Information provided START
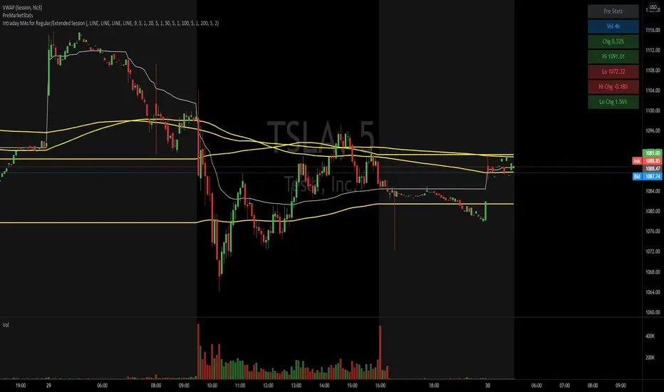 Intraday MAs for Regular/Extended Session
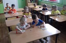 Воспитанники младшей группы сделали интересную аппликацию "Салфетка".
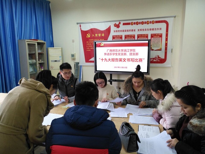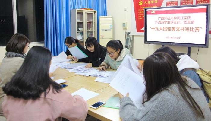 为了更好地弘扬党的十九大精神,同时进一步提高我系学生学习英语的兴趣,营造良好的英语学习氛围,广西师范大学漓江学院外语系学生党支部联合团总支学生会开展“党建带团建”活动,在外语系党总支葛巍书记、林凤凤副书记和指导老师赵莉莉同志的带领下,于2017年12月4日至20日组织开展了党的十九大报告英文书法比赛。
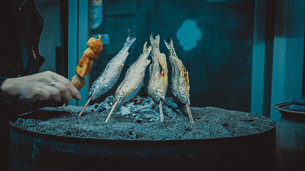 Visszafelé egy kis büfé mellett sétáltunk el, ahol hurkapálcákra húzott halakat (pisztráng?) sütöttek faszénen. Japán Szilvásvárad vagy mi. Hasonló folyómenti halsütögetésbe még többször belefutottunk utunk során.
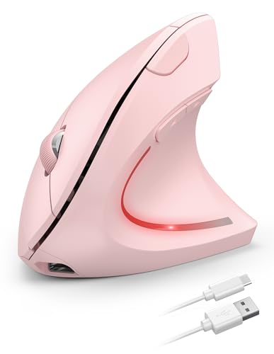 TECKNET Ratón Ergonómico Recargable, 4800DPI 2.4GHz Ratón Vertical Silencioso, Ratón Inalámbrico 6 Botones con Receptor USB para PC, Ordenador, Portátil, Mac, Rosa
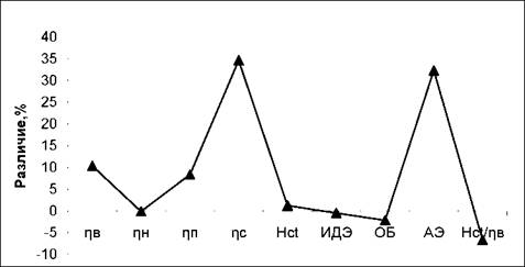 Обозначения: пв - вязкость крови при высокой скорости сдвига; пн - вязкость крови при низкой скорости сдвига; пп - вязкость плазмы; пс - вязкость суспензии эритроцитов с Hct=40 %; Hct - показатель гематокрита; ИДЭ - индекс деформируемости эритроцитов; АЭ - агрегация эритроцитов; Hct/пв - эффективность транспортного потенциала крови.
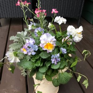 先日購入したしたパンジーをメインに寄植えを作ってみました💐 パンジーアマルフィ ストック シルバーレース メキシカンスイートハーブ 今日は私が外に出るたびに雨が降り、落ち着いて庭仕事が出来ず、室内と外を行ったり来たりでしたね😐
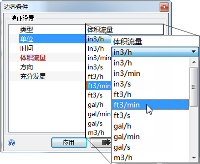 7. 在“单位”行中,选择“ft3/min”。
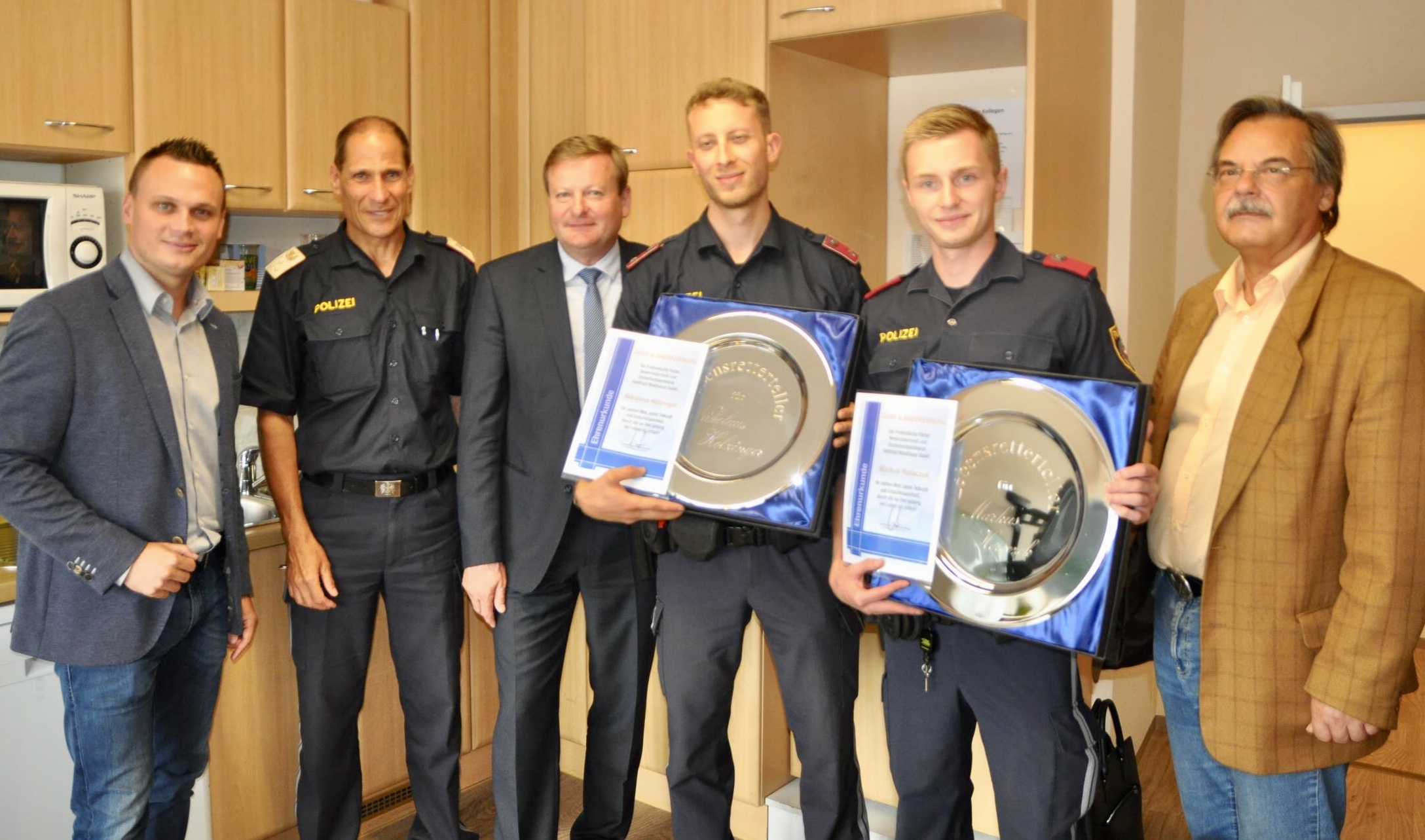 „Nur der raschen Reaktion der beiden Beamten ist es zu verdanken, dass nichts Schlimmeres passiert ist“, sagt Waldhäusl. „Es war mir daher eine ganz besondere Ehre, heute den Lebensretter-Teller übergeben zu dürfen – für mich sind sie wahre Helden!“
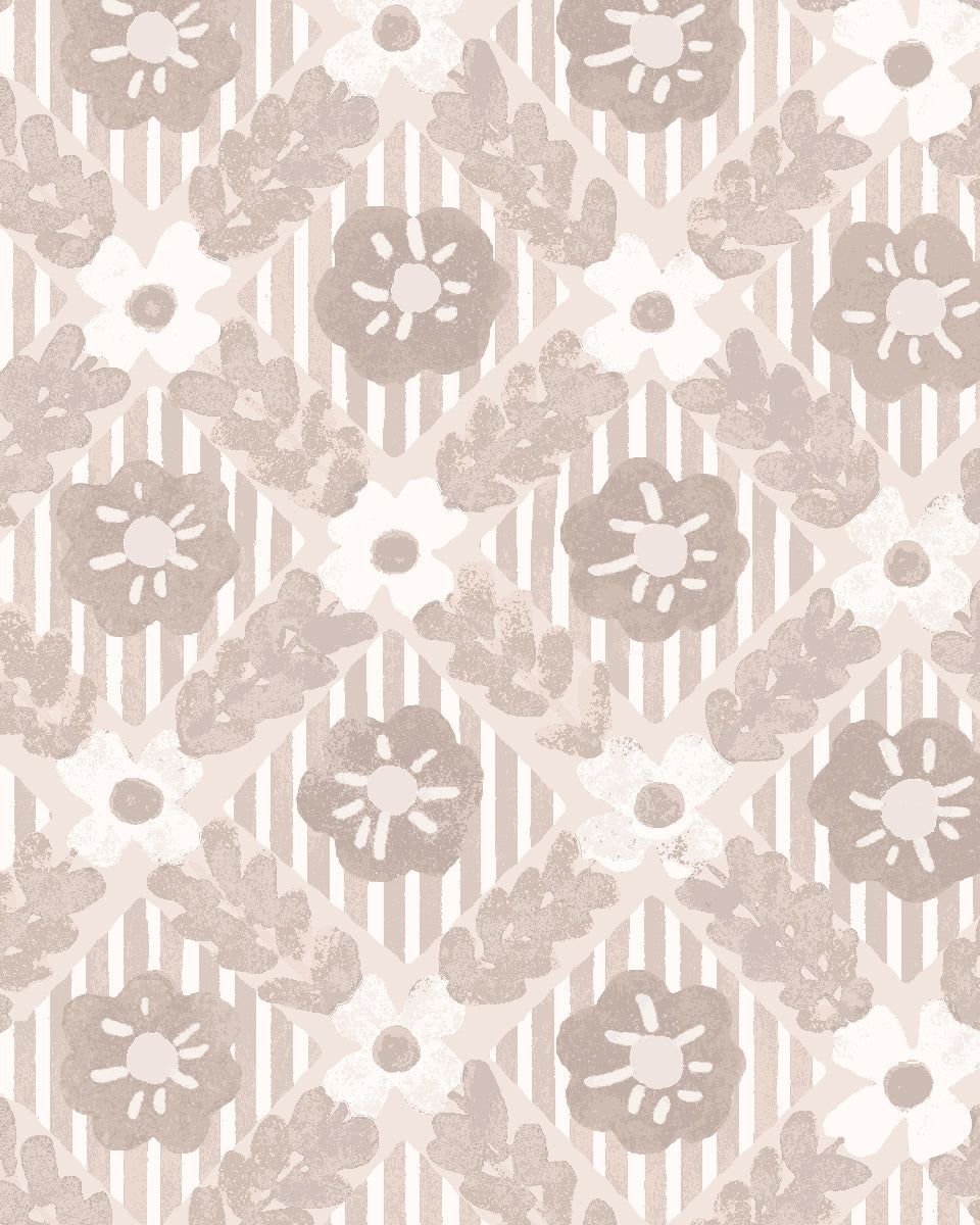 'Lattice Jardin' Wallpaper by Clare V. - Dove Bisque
Information provided END
◆ **What you need to do**: The entries above are to be copied exactly, with every picture left out.

◆ **Expected answer**:
 Intraday MAs for Regular/Extended Session
 Воспитанники младшей группы сделали интересную аппликацию "Салфетка".
 为了更好地弘扬党的十九大精神,同时进一步提高我系学生学习英语的兴趣,营造良好的英语学习氛围,广西师范大学漓江学院外语系学生党支部联合团总支学生会开展“党建带团建”活动,在外语系党总支葛巍书记、林凤凤副书记和指导老师赵莉莉同志的带领下,于2017年12月4日至20日组织开展了党的十九大报告英文书法比赛。
 Visszafelé egy kis büfé mellett sétáltunk el, ahol hurkapálcákra húzott halakat (pisztráng?) sütöttek faszénen. Japán Szilvásvárad vagy mi. Hasonló folyómenti halsütögetésbe még többször belefutottunk utunk során.
 TECKNET Ratón Ergonómico Recargable, 4800DPI 2.4GHz Ratón Vertical Silencioso, Ratón Inalámbrico 6 Botones con Receptor USB para PC, Ordenador, Portátil, Mac, Rosa
 Обозначения: пв - вязкость крови при высокой скорости сдвига; пн - вязкость крови при низкой скорости сдвига; пп - вязкость плазмы; пс - вязкость суспензии эритроцитов с Hct=40 %; Hct - показатель гематокрита; ИДЭ - индекс деформируемости эритроцитов; АЭ - агрегация эритроцитов; Hct/пв - эффективность транспортного потенциала крови.
 先日購入したしたパンジーをメインに寄植えを作ってみました💐 パンジーアマルフィ ストック シルバーレース メキシカンスイートハーブ 今日は私が外に出るたびに雨が降り、落ち着いて庭仕事が出来ず、室内と外を行ったり来たりでしたね😐
 7. 在“单位”行中,选择“ft3/min”。
 „Nur der raschen Reaktion der beiden Beamten ist es zu verdanken, dass nichts Schlimmeres passiert ist“, sagt Waldhäusl. „Es war mir daher eine ganz besondere Ehre, heute den Lebensretter-Teller übergeben zu dürfen – für mich sind sie wahre Helden!“
 'Lattice Jardin' Wallpaper by Clare V. - Dove Bisque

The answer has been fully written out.